Ankyrin
ANK1, erythrocytic | |||||||
---|---|---|---|---|---|---|---|
Identifiers | |||||||
Symbol | ANK1 | ||||||
Alt. symbols | AnkyrinR, Band2.1 | ||||||
NCBI gene | 286 | ||||||
HGNC | 492 | ||||||
OMIM | 182900 | ||||||
PDB | 1N11 | ||||||
RefSeq | NM_000037 | ||||||
UniProt | P16157 | ||||||
Other data | |||||||
Locus | Chr. 8 p21.1-11.2 | ||||||
|
Ankyrin repeat | |||||||||
---|---|---|---|---|---|---|---|---|---|
Identifiers | |||||||||
Symbol | Ank | ||||||||
Pfam | PF00023 | ||||||||
InterPro | IPR002110 | ||||||||
SMART | SM00248 | ||||||||
PROSITE | PDOC50088 | ||||||||
SCOP2 | 1awc / SCOPe / SUPFAM | ||||||||
|
ANK2, neuronal | |||||||
---|---|---|---|---|---|---|---|
Identifiers | |||||||
Symbol | ANK2 | ||||||
Alt. symbols | AnkyrinB | ||||||
NCBI gene | 287 | ||||||
HGNC | 493 | ||||||
OMIM | 106410 | ||||||
RefSeq | NM_001148 | ||||||
UniProt | Q01484 | ||||||
Other data | |||||||
Locus | Chr. 4 q25-q27 | ||||||
|
ANK3, node of Ranvier | |||||||
---|---|---|---|---|---|---|---|
Identifiers | |||||||
Symbol | ANK3 | ||||||
Alt. symbols | AnkyrinG | ||||||
NCBI gene | 288 | ||||||
HGNC | 494 | ||||||
OMIM | 600465 | ||||||
RefSeq | NM_020987 | ||||||
UniProt | Q12955 | ||||||
Other data | |||||||
Locus | Chr. 10 q21 | ||||||
|
Ankyrins are a family of proteins that mediate the attachment of integral membrane proteins to the spectrin-actin based membrane cytoskeleton.[2] Ankyrins have binding sites for the beta subunit of spectrin and at least 12 families of integral membrane proteins. This linkage is required to maintain the integrity of the plasma membranes and to anchor specific ion channels, ion exchangers and ion transporters in the plasma membrane. The name is derived from the Greek word for "fused".
Structure
Ankyrins contain four functional domains: an N-terminal domain that contains 24 tandem ankyrin repeats, a central domain that binds to spectrin, a death domain that binds to proteins involved in apoptosis, and a C-terminal regulatory domain that is highly variable between different ankyrin proteins.[2]
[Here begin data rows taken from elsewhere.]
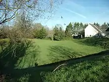 Sensiblement orienté nord-sud, Le rempart, à son plus grand développement, est rectiligne, long de 800 m et barre presque totalement le plateau[7] du nord au sud. Il est précédé à l'est d'un fossé à fond plat large de 40 m[8] qui, vers le nord du dispositif, assure la continuité du vallon sec naturel de Malvau[9]. La fossé en lui-même n'ayant fait l'objet d'aucune étude archéologique, sa largeur reste une estimation visuelle[10].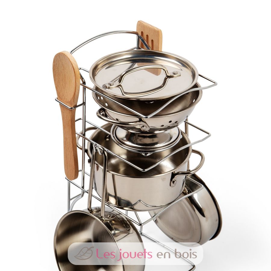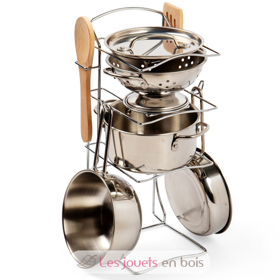 Juego de ollas y sartenes de metal de Bigjigs Toys.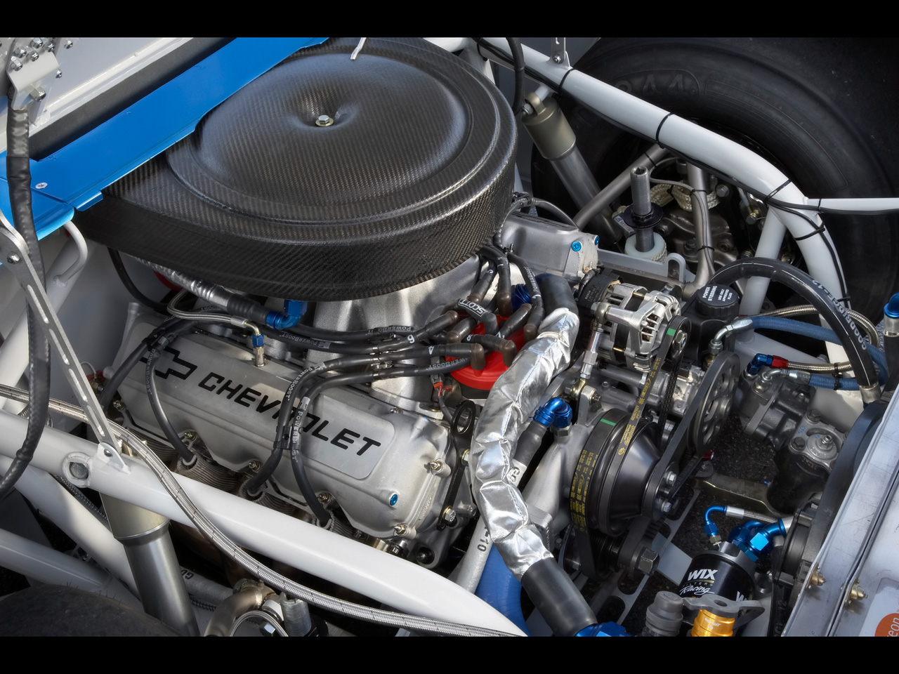 Двигатель NASCAR имеет строгие ограничения по рабочему объему в 5.86 (358 куб. дюймов) литра V8 с нижним расположением распределительного вала. Хоть в 2012 году обязательное использование карбюратора и было отменено все равно система питания напоминает 4 дроссельный карбюратор, с использованием впускного коллектора подобного карбюраторному. Мощность двигателей составляет около 770 лс. на плавных и быстрых трассах мощность мотора ограничивают, ставя ограничения на впуске, что понижает мощность до 450 лошадей. Конструкторам в таких условиях приходится делать упор на аэродинамику, максимально улучшая ее. V8, 16V (2 клапана на цилиндр), объемом 358 куб.дюйма (5,86 литра, до 1971 года использовались двигатели объемом 429 куб.дюйма — 7 литров), не используются турбины, компрессоры и т.п., степень сжатия 12:1, мощность этого американского атмосферного монстра по разным данным от 750 л.с. до 865л.с. Крутящий момент составляет 530 foot-pounds. что равняется примерно 718 Н/м.![]()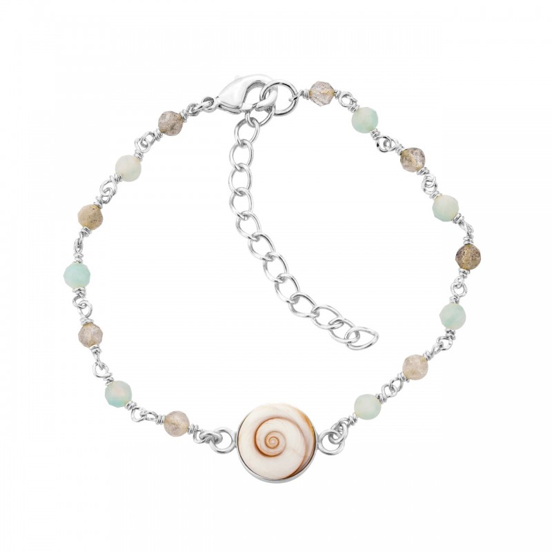 Ce bracelet en argent 925 met en valeur la beauté de l’Œil de Sainte-Lucie méditerranéen, spirale naturelle porte-bonheur, associé à des perles facettées aux nuances douces et organiques.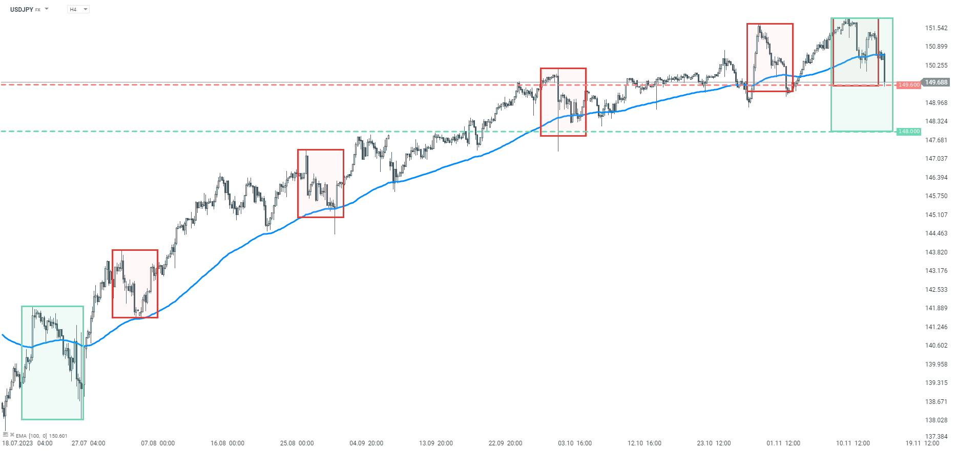 Patrząc technicznie na wykres USDJPY, od dłuższego czasu mamy do czynienia z trendem wzrostowym. Aktualnie po korekcie notowania dotarły do wsparcia przy 149,60, które wynika z dolnego ograniczenia lokalnego układu 1:1 (czerwone prostokąty). Jest to pierwsze miejsce, gdzie może uaktywnić się popyt. Jeżeli jednak poziom ten zostanie zanegowany, przecena może się przedłużyć w kierunku 148,00, gdzie wypada dolne ograniczenie szerszej geometrii 1:1. Dopiero zanegowanie większego układu mogłoby zgodnie z metodologią Overbalance doprowadzić do zmiany trendu na spadkowy.

Membrane protein recognition
The 24 tandem ankyrin repeats are responsible for the recognition of a wide range of membrane proteins. These 24 repeats contain 3 structurally distinct binding sites ranging from repeat 1-14. These binding sites are quasi-independent of each other and can be used in combination. The interactions the sites use to bind to membrane proteins are non-specific and consist of: hydrogen bonding, hydrophobic interactions and electrostatic interactions. These non-specific interactions gives ankyrin the property to recognise a large range of proteins as the sequence doesn't have to be conserved just the properties of the amino acids. The quasi-independence means that if a binding site is not used, it won't have a large effect on the overall binding. These two properties in combination give rise to large repertoire of proteins ankyrin can recognise.
Subtypes
Ankyrins are encoded by three genes (ANK1, ANK2 and ANK3) in mammals. Each gene in turn produces multiple proteins through alternative splicing.
ANK1
The ANK1 gene encodes the AnkyrinR proteins. AnkyrinR was first characterized in human erythrocytes, where this ankyrin was referred to as erythrocyte ankyrin or band2.1.[3] AnkyrinR enables erythrocytes to resist shear forces experienced in the circulation. Individuals with reduced or defective ankyrinR have a form of hemolytic anemia termed hereditary spherocytosis.[4] In erythrocytes, AnkyrinR links the membrane skeleton to the Cl−/HCO3− anion exchanger.[5]
Ankyrin 1 links membrane receptor CD44 to the inositol triphosphate receptor and the cytoskeleton.[6]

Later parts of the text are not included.